Segment Start: Study material

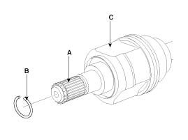 1. Remove the clip (B) from drive shaft splines (A) of the transaxle side TJ case (C).
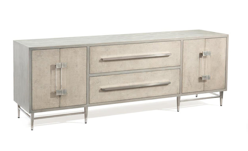 The cabinet is finished in grey oak, while the doors and drawers are finished in artistico gesso, a hand-embellished, embossed, and distressed finish. The doors have acrylic handles capped with stainless steel ends to match the drawer handles and base frames.
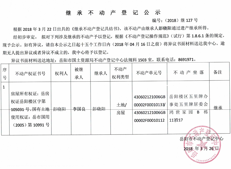 继承不动产登记公示 编号:(2018)继127号
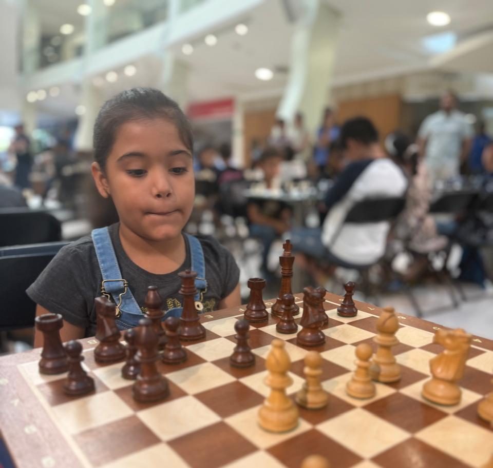 Este evento, celebrado el pasado domingo 22 en la plaza comercial Acrópolis, reunió a 57 niños menores de 12 años, y Esther Mariel se destacó al obtener la segunda posición en la categoría de 7-12 años, acumulando 3.5 puntos en 7 rondas bajo el sistema suizo. La primera posición fue para Pablo García Chan, del colegio American School of Santo Domingo (ASSD).
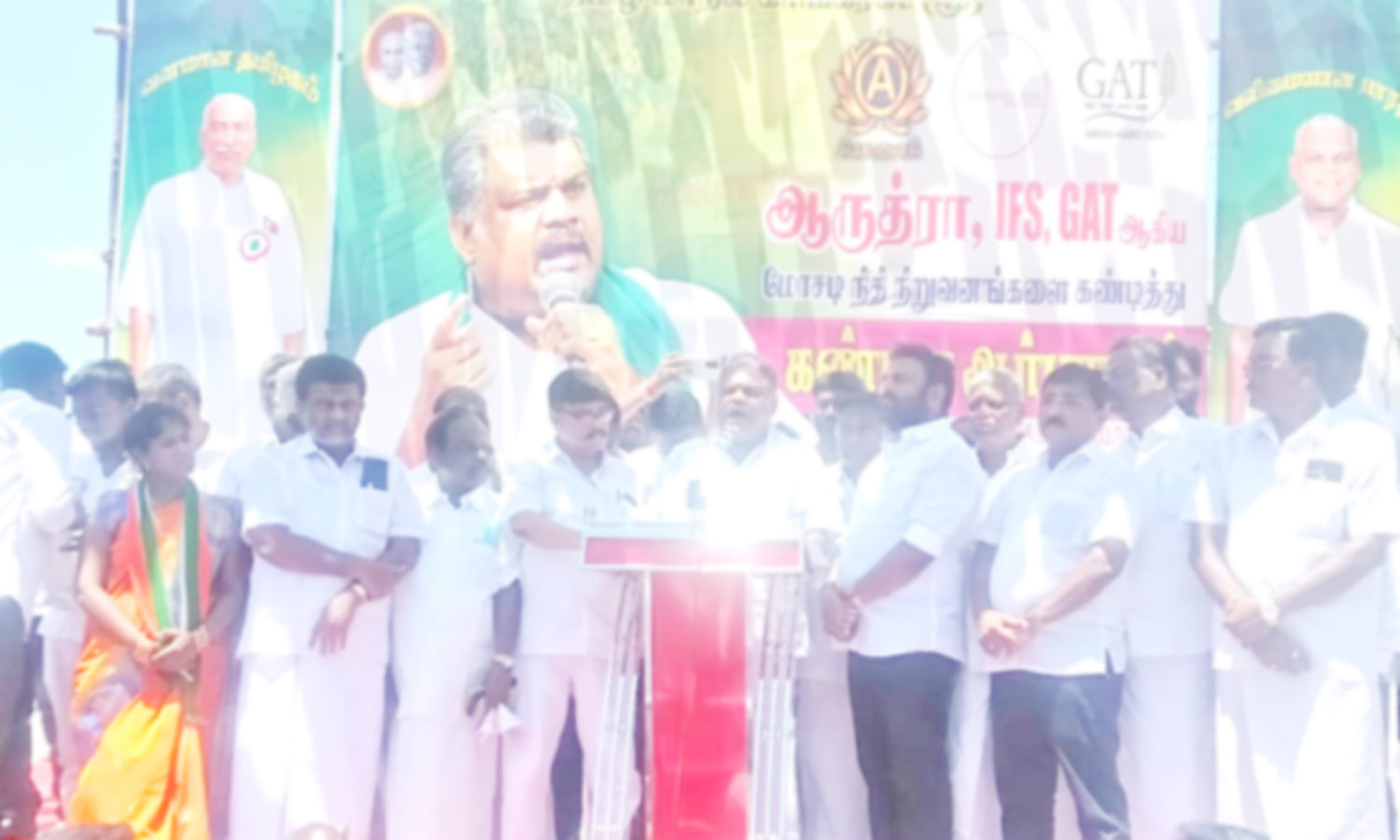 நிதி நிறுவனங்கள் மோசடி- காஞ்சிரத்தில் ஜி.கே.வாசன் ஆர்ப்பாட்டம்
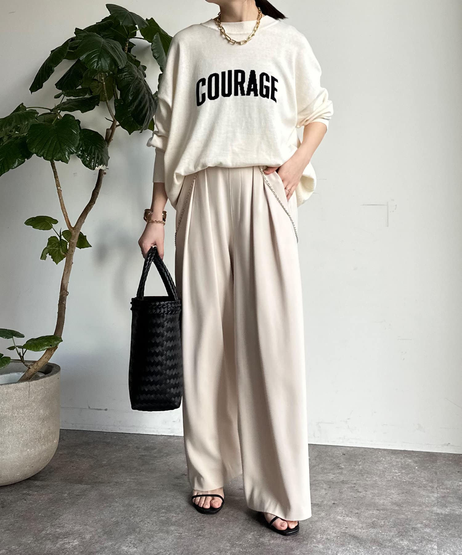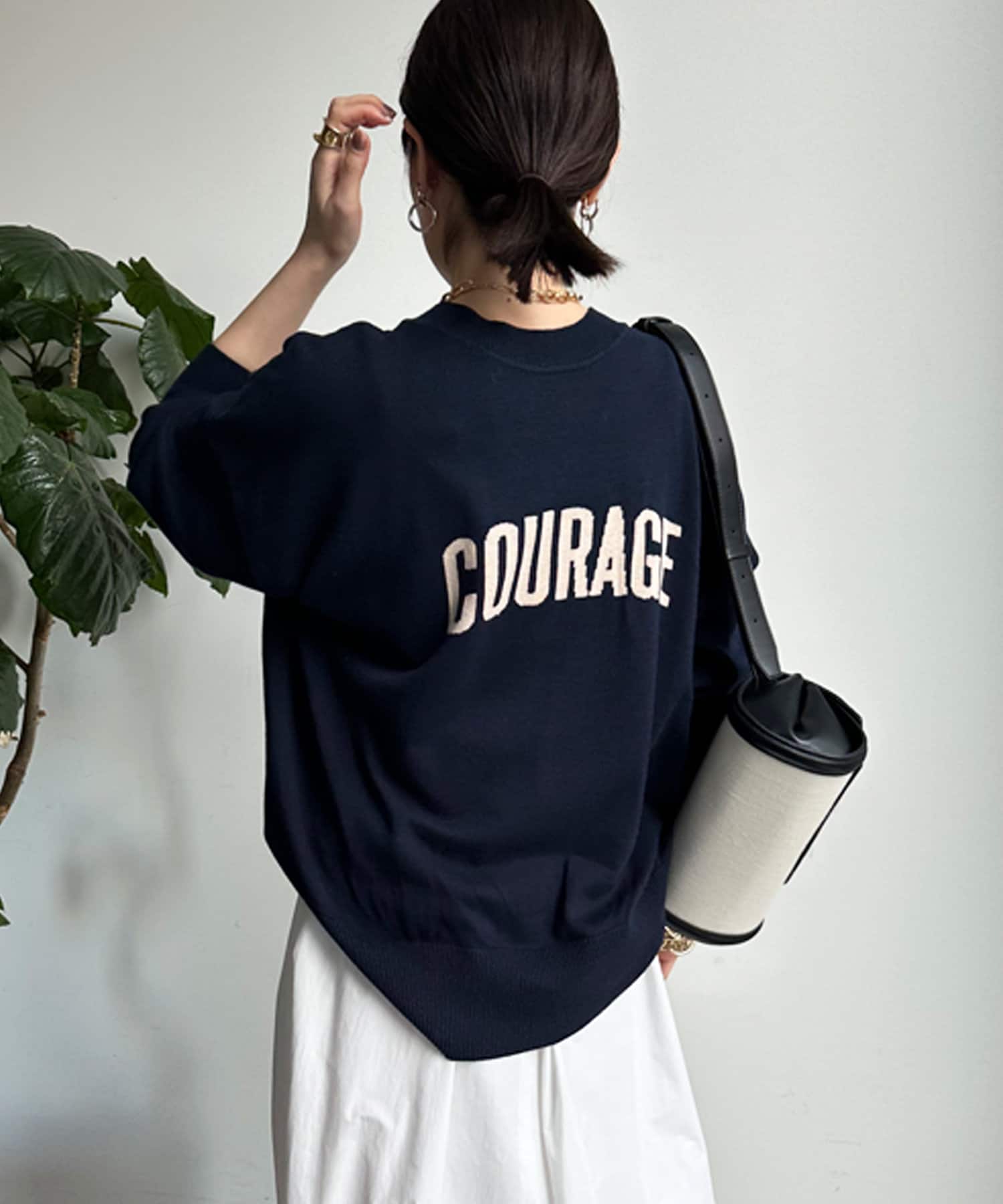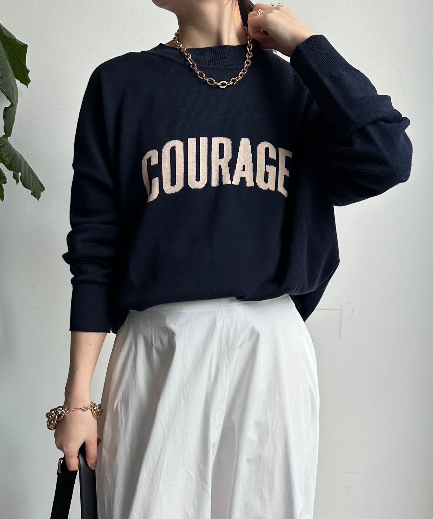 ニットのインターシャロゴのため、きれいめ派の方にも合わせやすいのがうれしいポイント。

Segment End: Study material

*Directions*:
Write the lines from the one with "நிதி நிறுவனங்கள் மோசடி- காஞ்சிரத்தில்" through the last line of the entries out again exactly, both ends included, and skip the pictures.

*Exercise response*:
 நிதி நிறுவனங்கள் மோசடி- காஞ்சிரத்தில் ஜி.கே.வாசன் ஆர்ப்பாட்டம்
 ニットのインターシャロゴのため、きれいめ派の方にも合わせやすいのがうれしいポイント。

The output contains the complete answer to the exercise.